Allo stato attuale, dal punto di vista giuridico, non esiste in Italia una reale tutela per l'identità digitale: nel giudicare questo tipo di reato si procede per analogia con l'articolo 494 del codice penale che disciplina il furto d'identità generico. Tuttavia non esiste ancora una legge specifica per tali furti sul web, cosa molto grave dato che sono spesso collegati alla sottrazione di dati bancari e diffamazione attraverso i social network.

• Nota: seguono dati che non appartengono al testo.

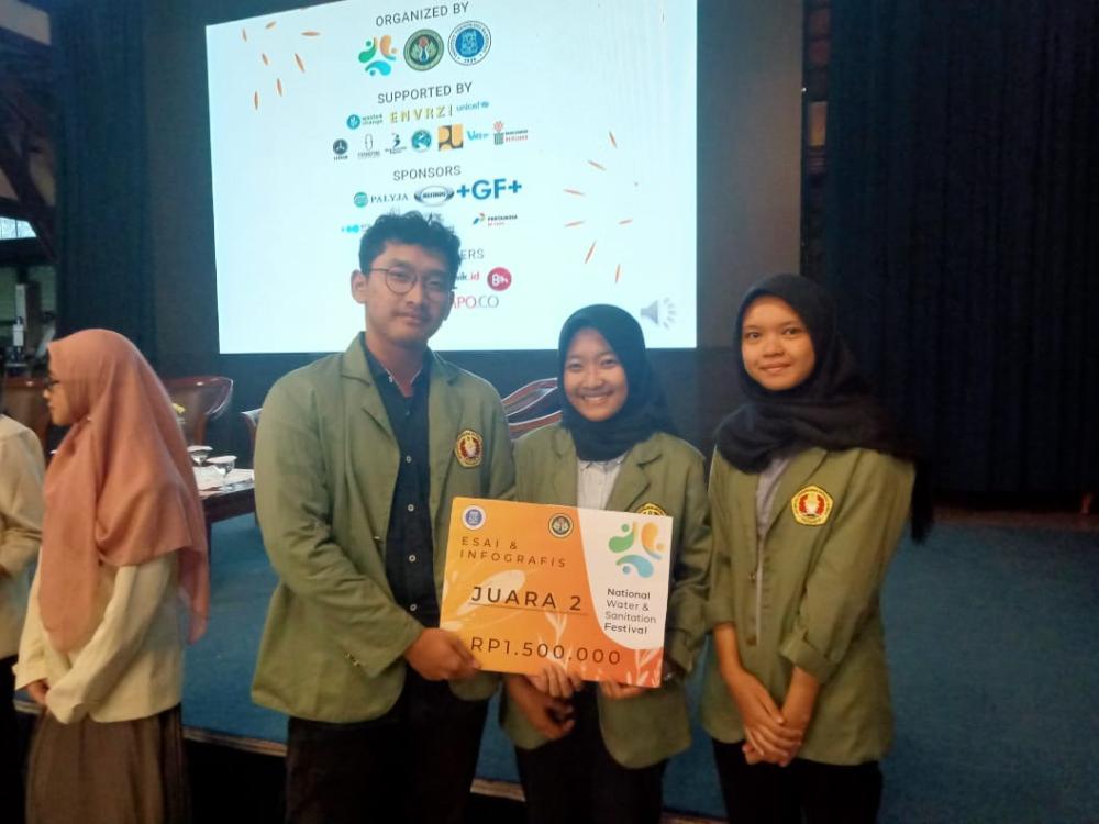 Tiga Mahasiswa Program Studi Teknik Lingkungan Fakultas Teknologi Mineral UPN “Veteran” Yogyakarta (UPNVY) mengukir prestasi pada lomba essai dan infografis tingkat Perguruan Tinggi Negeri seluruh Indonesia. Penghargaan ini diberikan bersamaan acara kegiatan talkshow dan pameran National Water and sanitation Festival yang digelar pada tanggal 15 Februari 2020, di Aula Barat dan lapangan CC Barat Institut Teknologi Bandung (ITB).

Il tutto diventa ancora più surreale se si pensa che per punire questo tipo di reati l’ostacolo più grande è la privacy, la stessa che dovrebbe essere tutelata: per collegare un indirizzo IP (di un ipotetico violatore) ad un nome, ci vuole l'autorizzazione di un magistrato. Autorizzazione che, puntualmente, spesso non arriva perché sul piano giuridico la privacy viene ritenuta superiore rispetto al reato digitale.
Punto a capo.
Italia?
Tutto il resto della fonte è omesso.